# ICAIF 2024 Finance-RAG Challenge Baseline

This notebook demonstrates a **baseline solution** for the **ICAIF 2024 Finance-RAG Challenge**. The goal of the challenge is to create a **Retrieval-Augmented Generation (RAG)** system for financial data. Participants are tasked with developing systems that retrieve relevant documents from a large corpus and provide accurate, context-aware responses to user queries.

---

## System Components

The system is divided into two main components:

1. **Retrieval**: Retrieves relevant financial documents from a large corpus based on a user query.
2. **Reranking**: Refines the ranking of the retrieved documents to ensure the most relevant information is prioritized.

---

## Model Overview

This baseline notebook uses a combination of `SentenceTransformer` and `CrossEncoder` models to perform these tasks:

- The **retrieval model** is responsible for encoding both the queries and documents into embeddings.
- The **reranking model** evaluates the relevance of the retrieved documents and reorders them accordingly.

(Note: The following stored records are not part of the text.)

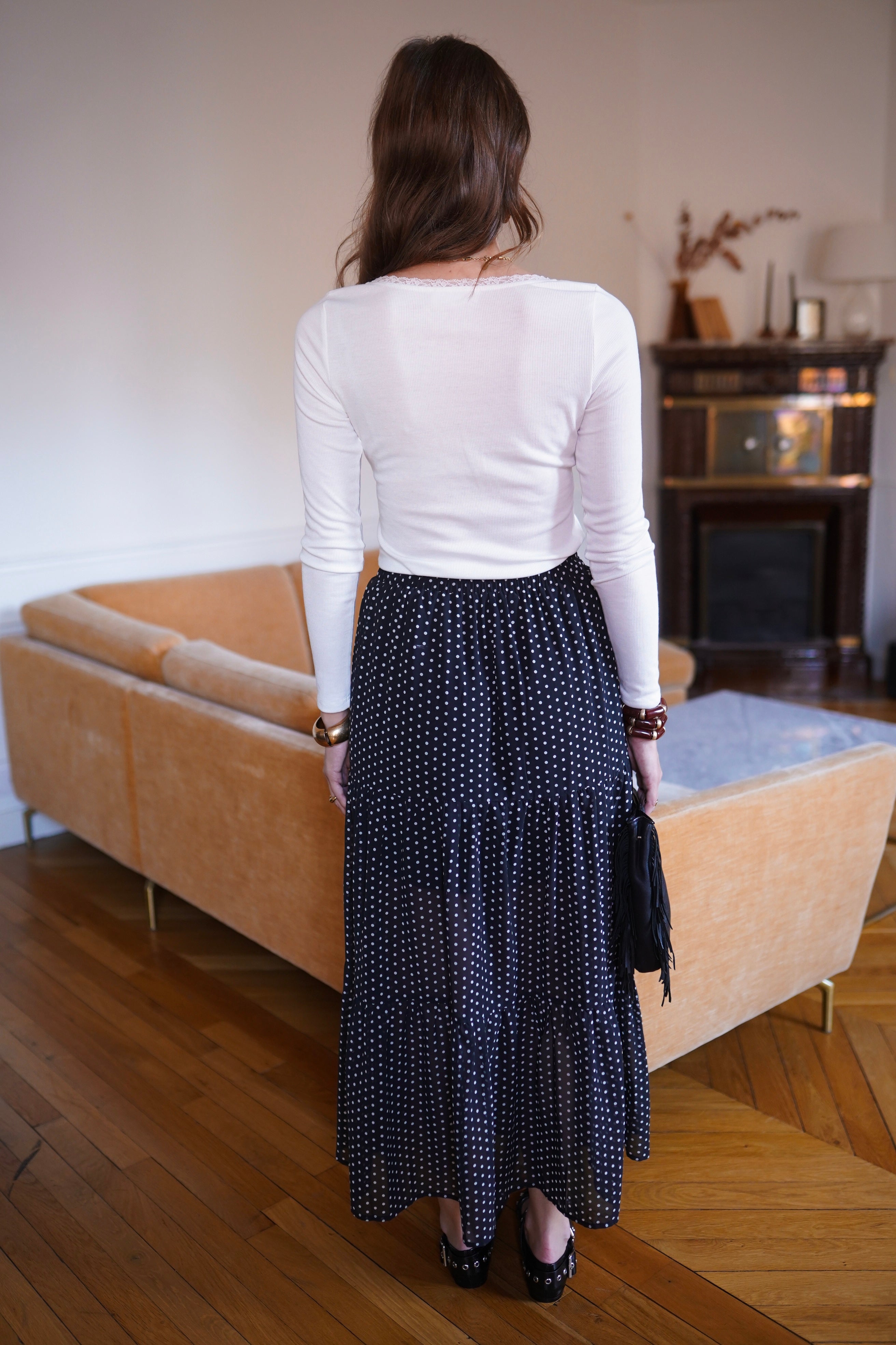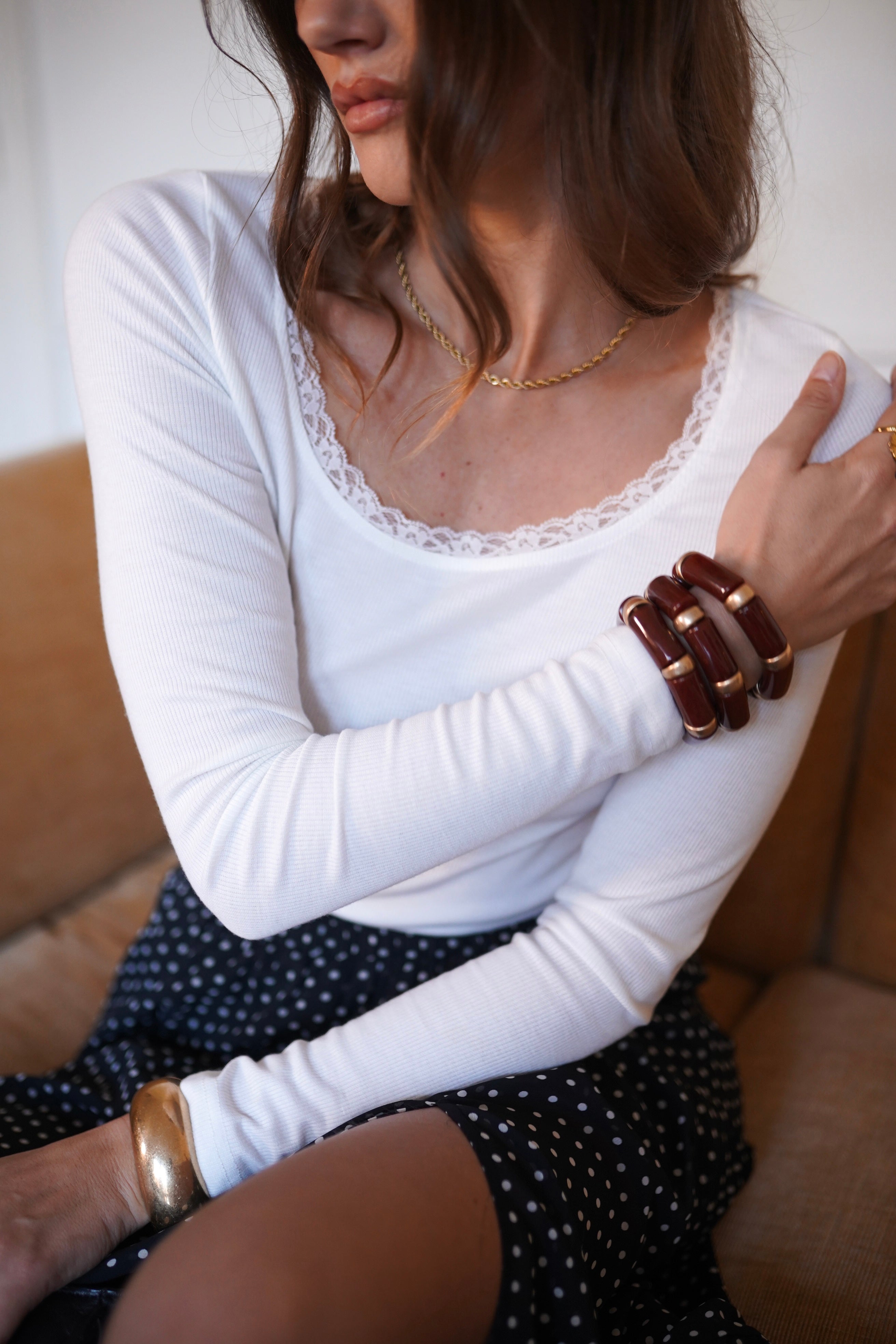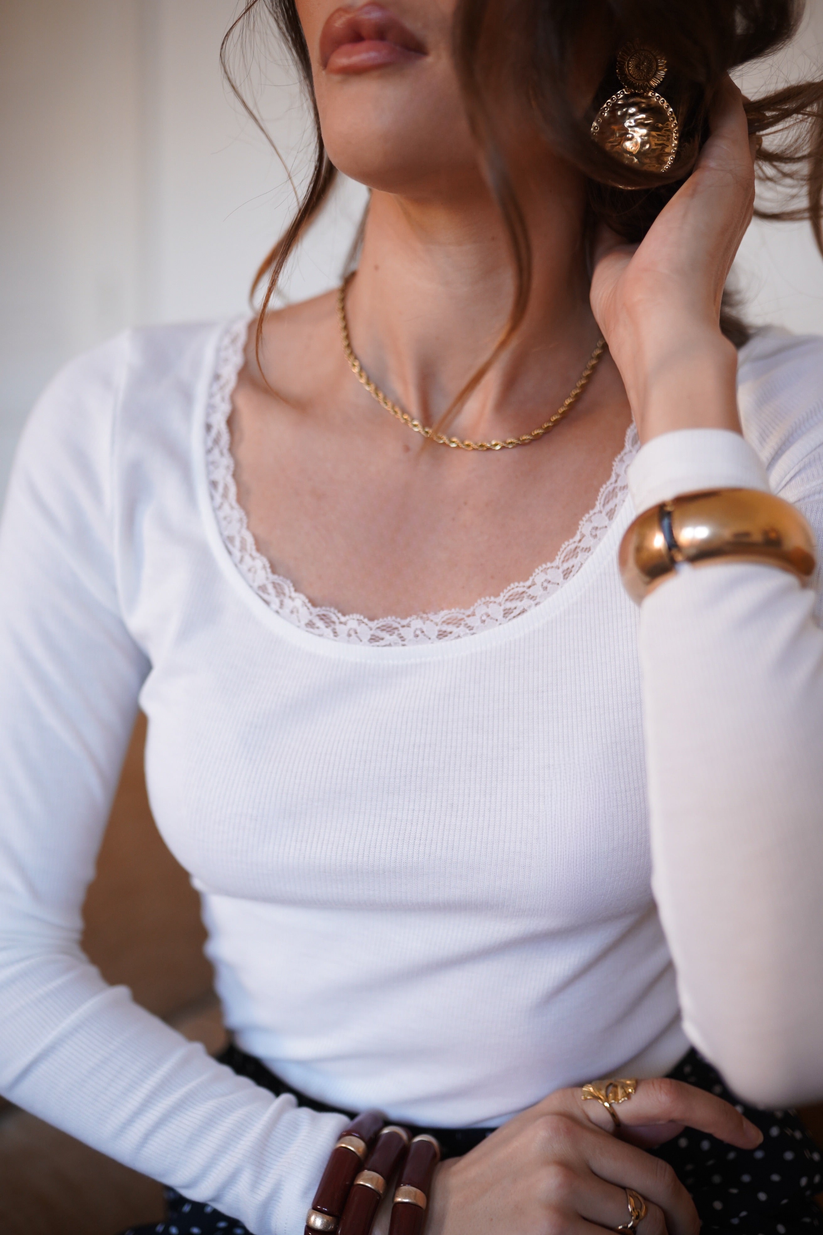 - Encolure arrondie soulignée d’un liseré en dentelle délicate.
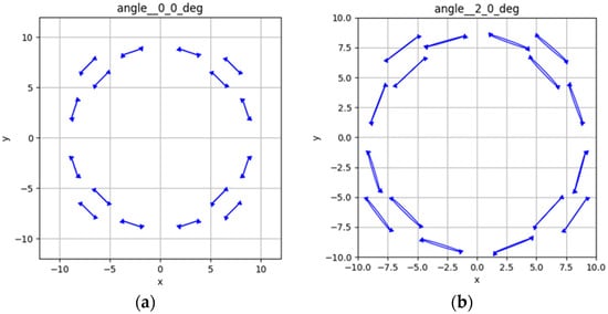 Image of the distribution of polarization vectors in the beam region: (a) in the absence of a deviation of the original beam; (b) with a deviation of 2 degrees.
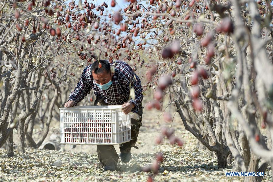 A farmer moves newly-harvested red jujubes in Hotan County of Hotan Prefecture, northwest China's Xinjiang Uygur Autonomous Region, Nov. 6, 2020. A total of 890,000 mu (about 59,333 hectares) of red jujubes have entered harvest season in the prefecture. The jujube trees cultivation here has increased local villagers' income in recent years. (Xinhua/Ding Lei)

In this example, the baseline task used is **FinDER**, which is one of the seven available tasks in the FinanceRAG project. The retrieval model used is `intfloat/e5-large-v2`, and the reranking is performed using `cross-encoder/ms-marco-MiniLM-L-12-v2`. Both of these models can be substituted with other models supported by the `sentence_transformers` library for performance experimentation.

---

## Goal

The goal of this notebook is to provide a **solid foundation** for participants to build more advanced solutions for the challenge. Feel free to customize the task, retrieval model, and reranking model as needed.

---

## Repository Setup and Environment Configuration

You can find the repository for this project on GitHub [here](https://github.com/JiH00nKw0n/FinanceRAG).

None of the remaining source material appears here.